7 Deadly Money Traps You Should Avoid at All Costs

Money is tight for many households these days, and many are searching for ways to give themselves a little more breathing room in terms of finances. While many are opting to be one car households or forgoing expensive habits like eating out, others often seek band-aid solutions that offer quick fixes for financial woes – some of which often hide under the facade of being long-term solutions.

So if you are currently trying to find a way to give yourself a little more room in your budget at the end of the month, make sure that you avoid the following 7 deadly money traps at all costs to keep your financial situation from getting any worse:

The Mortgage Refinance

There are few situations in which using a mortgage refinance is actually beneficial to the mortgage holder. The rate being offered need to be at least one percent lower than your current mortgage. Otherwise, you will most likely lose all savings on interest to the high closing costs you will be required to pay at the time of signing.
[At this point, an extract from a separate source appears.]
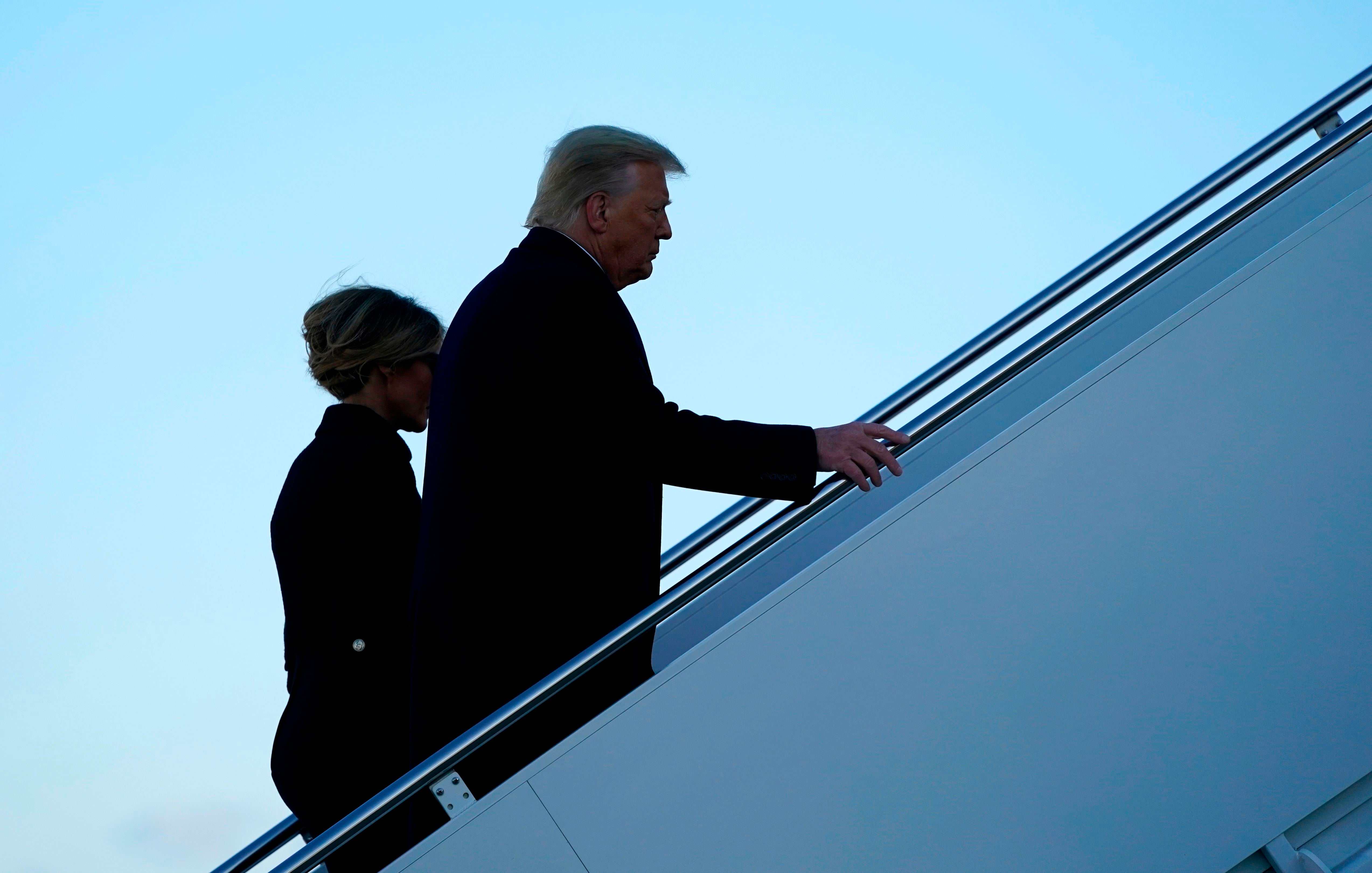The Trumps travelled on Marine One for the short trip to Joint Base Andrews, where the president made remarks to a crowd of supporters before they boarded Air Force One for a final flight to Palm Beach, Florida.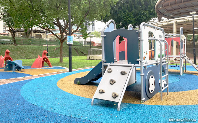 Just beside the old school animals is a more conventional children’s playground with a short play structure.

Another unforeseen money pitfall of the refinance is the interest paid on interest. When you refinance, the whole loan, including the interest accrued, is placed under the new rate. So essentially you will wind up paying interest on interest – a money waste, especially for those who have been in their homes longer and have therefore accrued more interest.

The Title Loan

The title loan is perhaps one of the worst money traps a person can use. Often, emergency expenses prompt people to look for large sums of money frantically, and many make bad choices because of it. The worst offender is often the title loan. These loans are given based on how much your car is worth, and requires you to sign over your car title in case you aren’t able to pay it back. They come with incredibly high interest rates – often 400 to 900 percent, and can quickly make a person dependent on them because of the high amount owed.

Those who use these loans suffering from money problems, often can’t repay on time because of the added amount provided by the interest rates, and are required to take it out for another term, making their total balance even higher.

The Payday Loan

Similar to a title loan, payday loans also have incredibly high interest rates and can quickly make a person dependent as they can often seem impossible to pay off on time. The difference between these types of loans and title loans is that they can only be pulled out in smaller amounts and are advancement on your paycheck.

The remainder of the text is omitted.